**ASSIGNED TASK:**
From the first line of the listing below to the line containing "Используйте данный раздел", write out everything exactly. No pictures.

**WORKING DATA:**
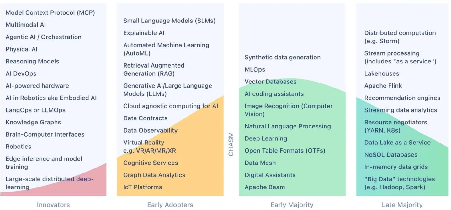 其他新增至“创新者”类别的趋势还包括 推理模型(Reasoning Models) 与 AI DevOps。
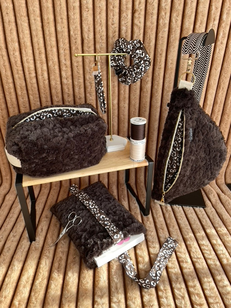 Le tissu fausse fourrure marron foncĂ© ultra doux enveloppe chaque piĂšce dâune sensation cocooning intense. Une teinte profonde, chaleureuse, rassurante, comme un refuge en accessoire.
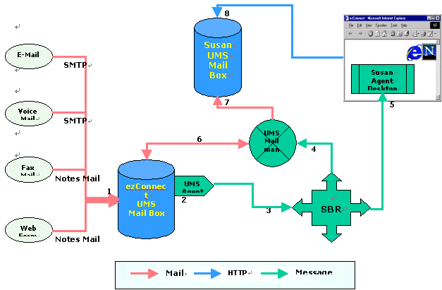各類外部語(yǔ)音、郵件、WEB、傳真等信息進(jìn)入呼叫中心會(huì)以相應(yīng)的格式直接被放入ezConnect統(tǒng)一郵件服務(wù)器(1),消息經(jīng)過(guò)UMS Agent 模塊被提取出信息主題和關(guān)鍵字(2),這些主題和關(guān)鍵字被送入基于技能的路由選擇模塊SBR(3),由SBR進(jìn)行分析,選擇出最合適服務(wù)的座席(例如是Susan);之后SBR通知郵件轉(zhuǎn)發(fā)器(4)去ezConnect統(tǒng)一郵件服務(wù)器中取相應(yīng)的郵件(6),將郵件放入最佳座席(Susan)的UMS信箱中(7)(8),與此同時(shí)座席Susan的界面上顯示出她有一封新的郵件(5)。至此,完成了座席Susan 接收UMS信件的全過(guò)程。
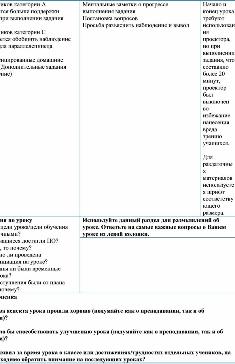 Используйте данный раздел для размышлений об уроке. Ответьте на самые важные вопросы о Вашем уроке из левой колонки. |
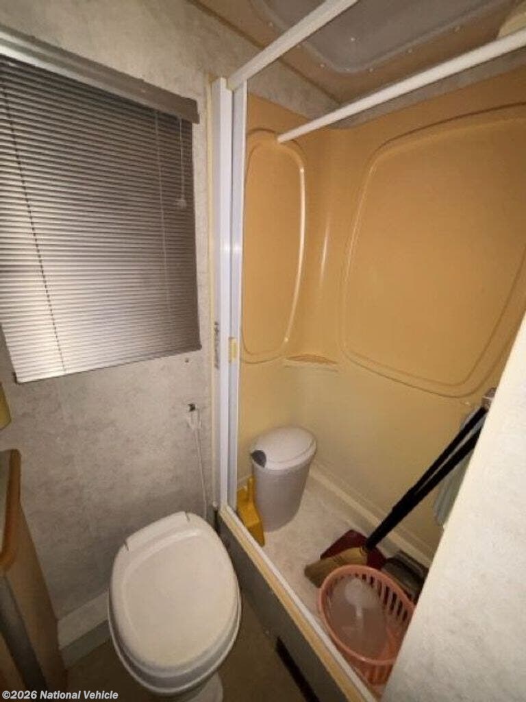 The fully equipped galley features a 3-burner cooktop, microwave, double-door refrigerator, and ample storage?perfect for extended trips or weekend getaways. The split bath design includes a separate shower and private toilet area, giving you convenience and functionality rarely found in a coach this size.
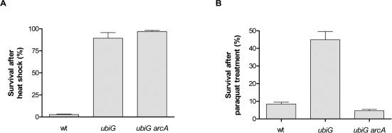 Long-lived organisms in several model systems have been shown to be resistant to thermal and oxidative stress [18]. The ubiG mutant is more resistant than wt both to heat shock and to treatment with the superoxide-generating agent paraquat in stationary phase. The paraquat resistance of the mutant is entirely dependent on ArcA, whereas the heat shock resistance is independent of ArcA (Figure 3). Note that ArcA also contributes to the paraquat resistance of the wt strain, albeit to a much smaller extent compared to the ubiG mutant. Therefore, ArcA regulates the lifespan, rate of oxygen consumption, extracellular acetate accumulation and paraquat resistance in the ubiG mutant.

**WRITTEN RESPONSE:**
 其他新增至“创新者”类别的趋势还包括 推理模型(Reasoning Models) 与 AI DevOps。
 Le tissu fausse fourrure marron foncĂ© ultra doux enveloppe chaque piĂšce dâune sensation cocooning intense. Une teinte profonde, chaleureuse, rassurante, comme un refuge en accessoire.
各類外部語(yǔ)音、郵件、WEB、傳真等信息進(jìn)入呼叫中心會(huì)以相應(yīng)的格式直接被放入ezConnect統(tǒng)一郵件服務(wù)器(1),消息經(jīng)過(guò)UMS Agent 模塊被提取出信息主題和關(guān)鍵字(2),這些主題和關(guān)鍵字被送入基于技能的路由選擇模塊SBR(3),由SBR進(jìn)行分析,選擇出最合適服務(wù)的座席(例如是Susan);之后SBR通知郵件轉(zhuǎn)發(fā)器(4)去ezConnect統(tǒng)一郵件服務(wù)器中取相應(yīng)的郵件(6),將郵件放入最佳座席(Susan)的UMS信箱中(7)(8),與此同時(shí)座席Susan的界面上顯示出她有一封新的郵件(5)。至此,完成了座席Susan 接收UMS信件的全過(guò)程。
 Используйте данный раздел для размышлений об уроке. Ответьте на самые важные вопросы о Вашем уроке из левой колонки. |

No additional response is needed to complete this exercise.